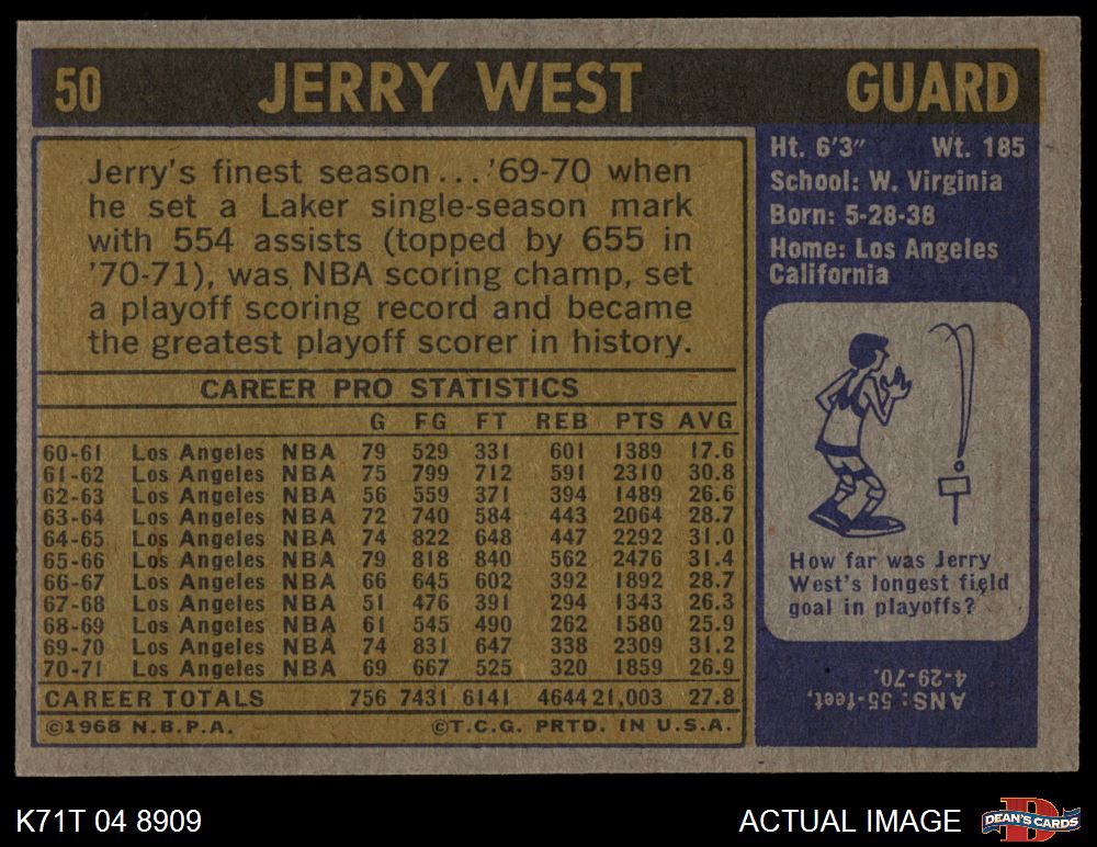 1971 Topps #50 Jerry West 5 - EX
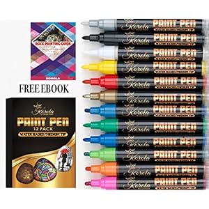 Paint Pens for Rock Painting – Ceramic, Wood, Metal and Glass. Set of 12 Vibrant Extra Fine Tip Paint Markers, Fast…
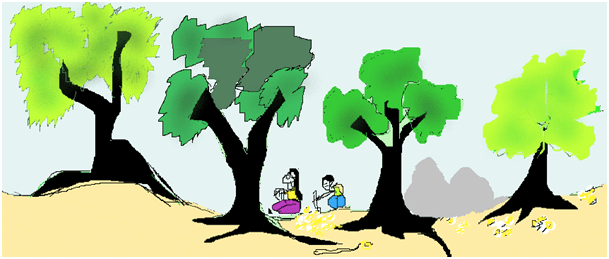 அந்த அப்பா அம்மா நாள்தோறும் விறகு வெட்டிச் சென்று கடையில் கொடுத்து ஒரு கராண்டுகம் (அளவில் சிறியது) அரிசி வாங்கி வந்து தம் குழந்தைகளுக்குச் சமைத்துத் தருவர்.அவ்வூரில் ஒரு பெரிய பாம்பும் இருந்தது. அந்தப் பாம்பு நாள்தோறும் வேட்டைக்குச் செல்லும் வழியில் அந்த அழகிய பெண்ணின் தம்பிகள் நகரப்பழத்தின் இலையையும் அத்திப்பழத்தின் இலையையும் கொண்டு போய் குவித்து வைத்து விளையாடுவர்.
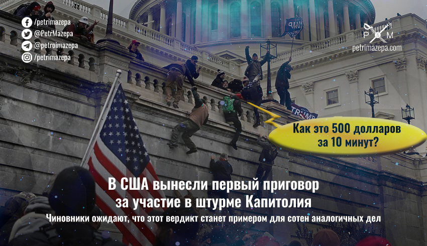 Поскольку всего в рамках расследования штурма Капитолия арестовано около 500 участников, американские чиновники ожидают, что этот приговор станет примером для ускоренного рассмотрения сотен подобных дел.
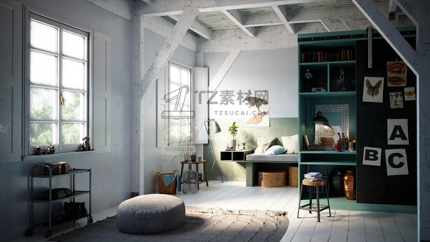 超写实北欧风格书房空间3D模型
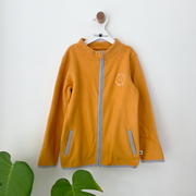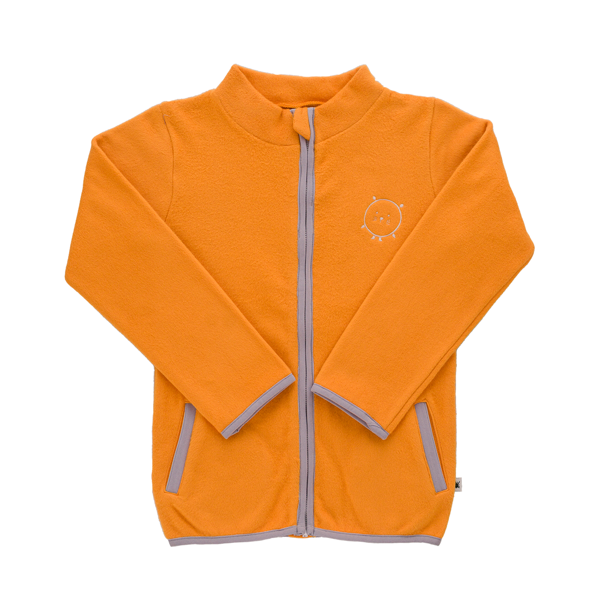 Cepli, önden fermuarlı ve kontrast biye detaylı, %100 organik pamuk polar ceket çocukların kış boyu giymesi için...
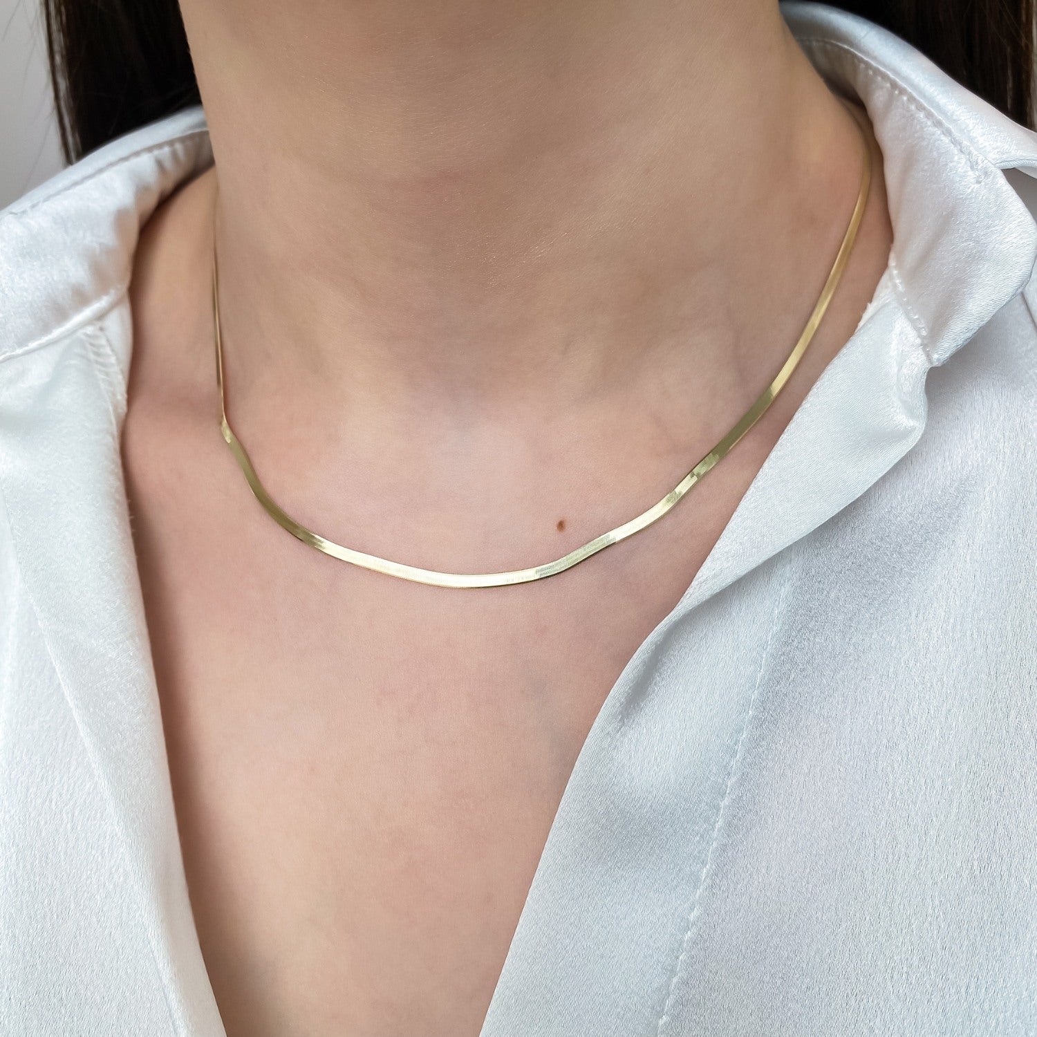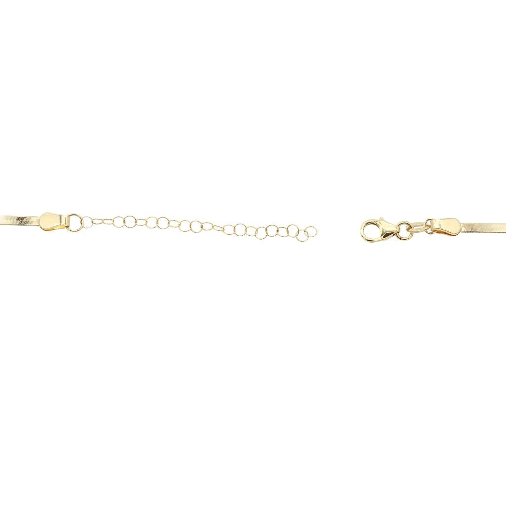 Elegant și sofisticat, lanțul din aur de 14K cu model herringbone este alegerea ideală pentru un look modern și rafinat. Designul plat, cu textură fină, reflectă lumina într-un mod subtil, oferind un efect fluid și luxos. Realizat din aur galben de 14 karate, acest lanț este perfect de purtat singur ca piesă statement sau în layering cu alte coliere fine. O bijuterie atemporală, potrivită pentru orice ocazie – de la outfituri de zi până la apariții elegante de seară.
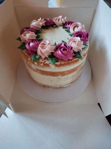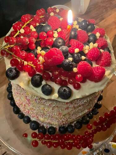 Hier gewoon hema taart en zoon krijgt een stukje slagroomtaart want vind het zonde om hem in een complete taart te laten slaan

What is needed >>
Using the data above, print every line exactly, omitting pictures.

Exercise response >>
 1971 Topps #50 Jerry West 5 - EX
 Paint Pens for Rock Painting – Ceramic, Wood, Metal and Glass. Set of 12 Vibrant Extra Fine Tip Paint Markers, Fast…
 அந்த அப்பா அம்மா நாள்தோறும் விறகு வெட்டிச் சென்று கடையில் கொடுத்து ஒரு கராண்டுகம் (அளவில் சிறியது) அரிசி வாங்கி வந்து தம் குழந்தைகளுக்குச் சமைத்துத் தருவர்.அவ்வூரில் ஒரு பெரிய பாம்பும் இருந்தது. அந்தப் பாம்பு நாள்தோறும் வேட்டைக்குச் செல்லும் வழியில் அந்த அழகிய பெண்ணின் தம்பிகள் நகரப்பழத்தின் இலையையும் அத்திப்பழத்தின் இலையையும் கொண்டு போய் குவித்து வைத்து விளையாடுவர்.
 Поскольку всего в рамках расследования штурма Капитолия арестовано около 500 участников, американские чиновники ожидают, что этот приговор станет примером для ускоренного рассмотрения сотен подобных дел.
 超写实北欧风格书房空间3D模型
 Cepli, önden fermuarlı ve kontrast biye detaylı, %100 organik pamuk polar ceket çocukların kış boyu giymesi için...
 Elegant și sofisticat, lanțul din aur de 14K cu model herringbone este alegerea ideală pentru un look modern și rafinat. Designul plat, cu textură fină, reflectă lumina într-un mod subtil, oferind un efect fluid și luxos. Realizat din aur galben de 14 karate, acest lanț este perfect de purtat singur ca piesă statement sau în layering cu alte coliere fine. O bijuterie atemporală, potrivită pentru orice ocazie – de la outfituri de zi până la apariții elegante de seară.
 Hier gewoon hema taart en zoon krijgt een stukje slagroomtaart want vind het zonde om hem in een complete taart te laten slaan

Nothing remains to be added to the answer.